In the MSA elections held in March, Yousuf received 28 weighted votes all of which were cast by him. He was able to vote for himself more than once because the online voting system counted different spellings of Yousuf’s name in write-in boxes as separate votes. According to an Apr. 15 Daily report, Michael Benson, outgoing chair of MSA’s Rules and Elections Committee, considers this flaw in the system “undemocratic” and believes that issues with the voting system being made public would be problematic for the Assembly.
Yousuf seems to have voted for himself more than once in an effort to draw attention to the inconsistencies in the MSA voting system and election rules. But good intentions don’t justify unethical behavior. And even though Yousuf’s election was uncontested — meaning no other candidate was harmed by his actions — casting multiple votes for oneself is an affront to the validity of a democratic election.
There are other ways Yousuf could have gone about addressing what he called in a phone interview with the Daily “gray areas” in the All-Campus Constitution’s rules on elections. He could have contacted Benson before the election with his concerns, worked with other representatives to encourage updates to the system or made the problem public — without committing an act that would amount to fraud in any other election.
Though Yousuf’s methods weren’t the best way to show concern about MSA’s election rules, he has revealed a flaw in the election system. MSA election rules are somewhat ambiguous and confusing, but it’s clear that no one should be able to vote for the same candidate more than once — that’s simply undemocratic. And now that MSA is aware of the defect, it has a responsibility to fix the problem. MSA should implement a system in which each ballot is reviewed to ensure it doesn’t contain multiple votes for a single candidate. But to protect voters’ privacy, ballots should remain anonymous during the review process. This would increase the amount of time required to count votes, but time is a small price to pay to ensure that elections are fair.

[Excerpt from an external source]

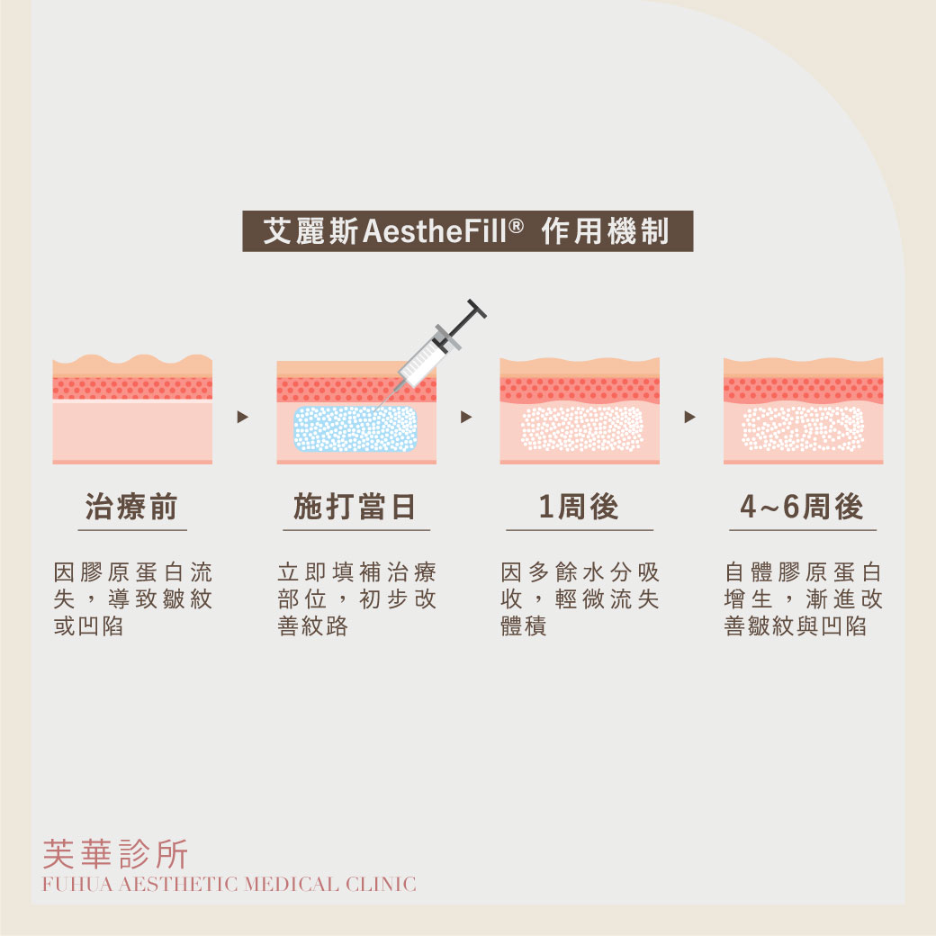 當艾麗斯AestheFill®注入真皮層後,能產生立即的填充效果,術後不易位移、無需按摩,待4~6周後,就能看見肌膚明顯恢復柔潤飽滿。

But ultimately, the biggest problem is students’ lack of interest in MSA. Yousuf ran uncontested in the election. And according to Benson, graduate students usually only cast 500 votes during elections. Graduate turnout is especially low, but student turnout to vote for elections is always uninspiring. This year’s 14-percent overall turnout was an increase from last year’s 9-percent. MSA clearly doesn’t have the student body’s support. Graduate students, who make up 40 percent of the student population on campus, believe they aren’t given enough representation in the Assembly, according to the Daily report. Most students’ perception of MSA is overwhelmed by scandal after scandal and few tangible results. MSA must show successful results that impact students’ everyday life to spark the interest of the student body and increase voter turnout.
But interest is a two-way street. Students should take responsibility if they want MSA to change. Students don’t have the right to criticize MSA if they don’t vote. They must take the time to elect capable leaders that will work to better students’ lives. Students must increase their interest in MSA if they want to see a change in the way MSA operates.
Yousuf’s actions, though unethical, have exposed a flaw in MSA’s voting system that needs to be addressed. MSA must work toward increasing student participation by showing students that it is relevant. But for their part, students should stand by their responsibility to vote in order to hold their student government accountable for its actions.